After de Valera's resignation in 1959 Moynihan stayed on under Seán Lemass (qv). In 1961 he was appointed governor of the Central Bank (of which he had been a service director since 1953), in succession to James McElligott. The most important achievements of his tenure included the issuing of credit advice to the banks (which marked the beginning of monetary policy); the provision of rediscounting facilities; participation in the market for government securities; the development of clearing systems and the widening of the fund backing note issue to include assets other than sterling; and the transfer of the administration of exchange controls to the Bank. He oversaw the mergers of the clearing banks and the centralisation of the foreign currency reserves in the Bank. He was also responsible for promoting economic and monetary research at the Bank. On the question of the extent to which the Bank's submissions were heeded by governments, Moynihan was more optimistic than his successor, T. K. Whitaker, who was sceptical of their influence.
He spent the following decade working on two books: Currency and central banking in Ireland 1922–60, published in 1975 (which the economist James Meenan (qv) described as ‘one of the most amusing books I've read for ages’ (UCDA, Maurice Moynihan papers, P122/92)) and Speeches and statements by Eamon de Valera 1917–73 (1980). The latter was a work of exemplary scholarship which has proved an essential source for de Valera's career. Moynihan retained his interest in politics until the end of his long life.

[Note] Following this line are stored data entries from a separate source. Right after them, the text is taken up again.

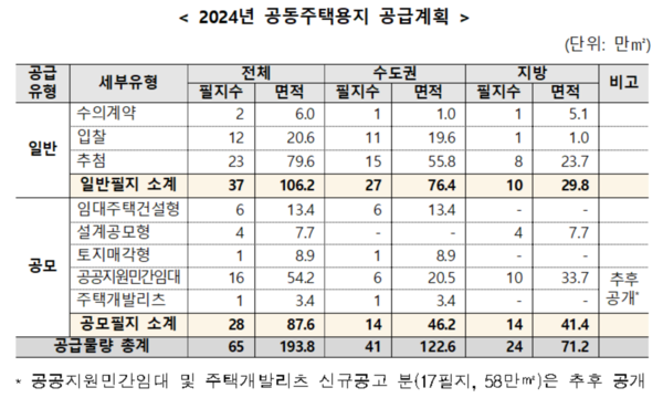 공급유형별로는 추첨·입찰·수의계약 방식이 총 37필지 106만㎡이며, 공모 방식은 임대주택건설형 6필지 13만㎡, 설계공모형 4필지 8만㎡, 토지매각형 1필지, 9만㎡이다. 공공지원민간임대 16필지와 주택개발리츠 1필지는 향후에 별도 공개된다.
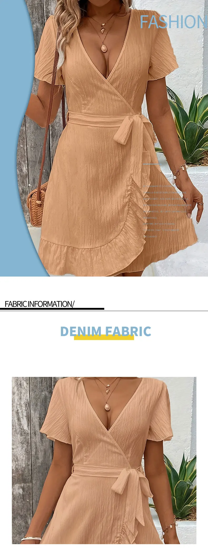 Confeccionado em poliéster leve, o vestido possui decote em V que alonga a silhueta e faixa (sash) para ajuste na cintura, trazendo charme extra ao look. Ideal para passeios, viagens, encontros casuais ou momentos de lazer no verão.
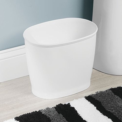 mDesign Oval Shatter-Resistant Plastic Small Trash Can Wastebasket, Garbage Container Bin for Bathrooms, Kitchens, Home Offices, Dorm Rooms - White
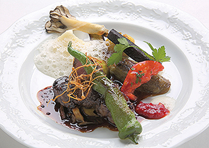 【エゾ鹿肉のロースト 季節の野菜ときのこを添えて】北海道・白糠産のエゾ鹿肉を使用。クセも臭みもなく、脂のうまみも実感できる
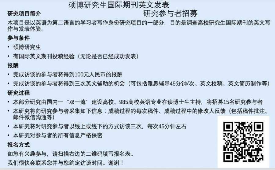 硕博研究生国际期刊英文发表研究项目参与者招募
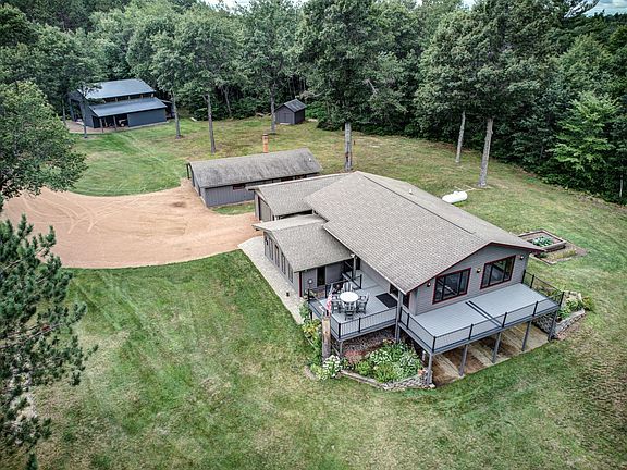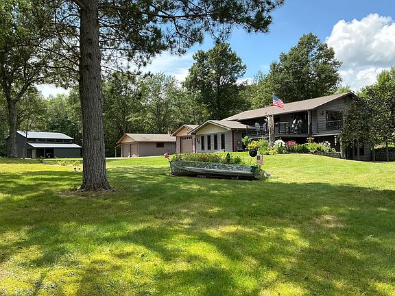 Blissful peace and serenity are found here, yet mere minutes to the conveniences of town. This completely renovated home sits on a huge, wooded parcel w/ expansive waterfrontage on the Jersey Flowage, which does not experience big level fluctuations. Enjoy kayaking, boating, fishing year-round, hunting, snowshoeing, and strolls through nature. It's a gentle walk to the water where you find a swim area by the dock, as well as a dry boat house for all the toys. RV, boats, and other recreational vehicles can be housed in the huge pole shed and multiple garages. Besides the 3 bedrooms, there is a home office with those Canadian-like views. The upgrades are too many to itemize, but ask for the full list. Just a few features include a new entry/parlor room, gorgeous Alder wood cabinetry with tile backsplash, LVP flooring, new appliances, deck, and quality fixtures. New mechanicals since 2017, as well, for a worry-free life. Close to golfing, shopping, and trail systems.
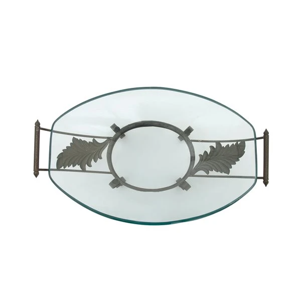 - Clear glass and metal stand with rectangular bar handles and scrolled band feet
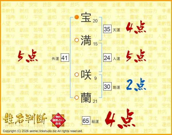 宝(20画)満(15画) 咲(9画)蘭(21画)
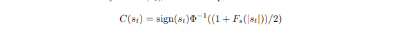 Let \$\Phi:\mathbb{R}\rightarrow[0,1]\$ be the cumulative distribution function (CDF) of the standard normal distribution. A calibrator \$C:\mathbb{R}\rightarrow\mathbb{R}\$ converts a raw anomaly score \$s_{t}\$ into a calibrated score \$z_{t}\$ such that \$\mathbb{P}[|z_{t}|>\alpha]=\Phi(\alpha)-\Phi(-\alpha)=2\Phi(\alpha)-1\$ , i.e. \$|z_{t}|\$ follows the same distribution as the absolute value of a standard normal random variable. If \$F_{s}:\mathbb{R}\rightarrow[0,1]\$ is the CDF of the absolute raw anomaly scores \$|s_{t}|\$ , we can compute the re calibrated score as
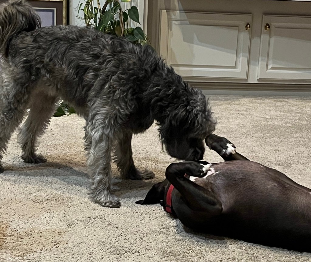 When I come home I’m all fired up so I chase the Grey Gizz too. He’s not nearly as fun but I love winding him up!

In July 1992 he wrote a scathing letter to the Irish Times (2 July) on the Maastricht treaty, which in his view would see the constitution ‘become an instrument subordinate to decrees of alien authorities’. He was equally scathing about the 1992 supreme court judgment on cabinet confidentiality, which he considered ‘all nonsense’.
He and his wife had five children. In 1994 his wife and eldest daughter Mary died. The year before his death he also lost his son Maurice. When he died on 21 August 1999, he had outlived his siblings. John died in 1964, Hannah in 1992, Tom in 1996, and Denis (Father Anselm, OP) in 1999.